1. A strain of Delftobacterium tsurugi ( Delftia tsuruhatensis WC2, characterized in that: It was deposited at the Guangdong Provincial Center for Microbial Culture Collection on December 12, 2022, with accession number GDMCC NO: 62522.

2. The application of Delftobacterium tsurugi WC2 as described in claim 1 in deodorization.

3. The application of Delftobacterium tsurugi WC2 as described in claim 1 in desulfurization and / or denitrification.

4. An inoculum containing the Delftobacterium tsurugi WC2 as described in claim 1.

5. The microbial agent according to claim 4, characterized in that: The bacterial agent also includes denitrifying paracocci.

6. The microbial agent according to claim 4 or 5, characterized in that: The microbial agent also includes plant components, which are components that have deodorizing effects and do not inhibit the growth of microorganisms in the microbial agent.

7. The microbial agent according to claim 6, characterized in that: The plant ingredients are derived from one or more of green tea, ginger, or yucca.

8. The use of the microbial agent according to any one of claims 4 to 7 in deodorization.
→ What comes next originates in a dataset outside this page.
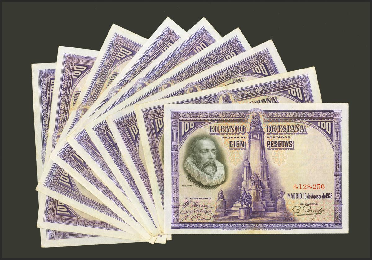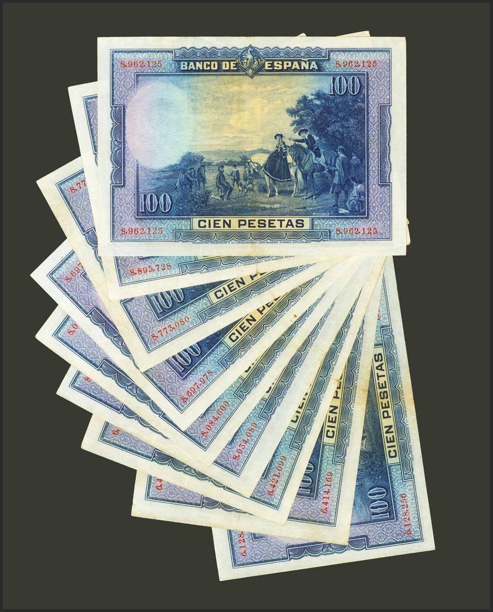 Conjunto de 9 billetes de 100 Pesetas emitidos el 15 de Agosto de 1928, sin serie. (Edifil 2021: 355). EBC/MBC-. A EXAMINAR.
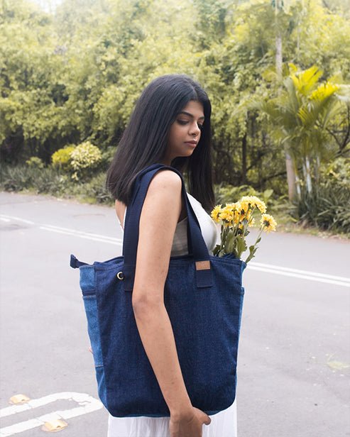 Elevate your everyday look with Dwij curated collection of denim tote bag for women. Our denim bag tote range blends eco-friendly craftsmanship with contemporary style, offering unique upcycled denim totes, convertible totes, and denim shoulder bag for ladies that perform beautifully for work, travel, weekends, or festivals. Each jeans tote bag is handcrafted from repurposed denim, ensuring no two are exactly alike. Carry a sustainable style.

9. The use of the microbial agent according to any one of claims 4 to 7 in desulfurization and / or denitrification.

10. The method of applying the microbial agent according to any one of claims 4 to 7 in deodorization, desulfurization, or denitrification, characterized in that: Prepare the microbial agent into a solution and spray it on the object or area to be deodorized, or mix it with the substance to be deodorized.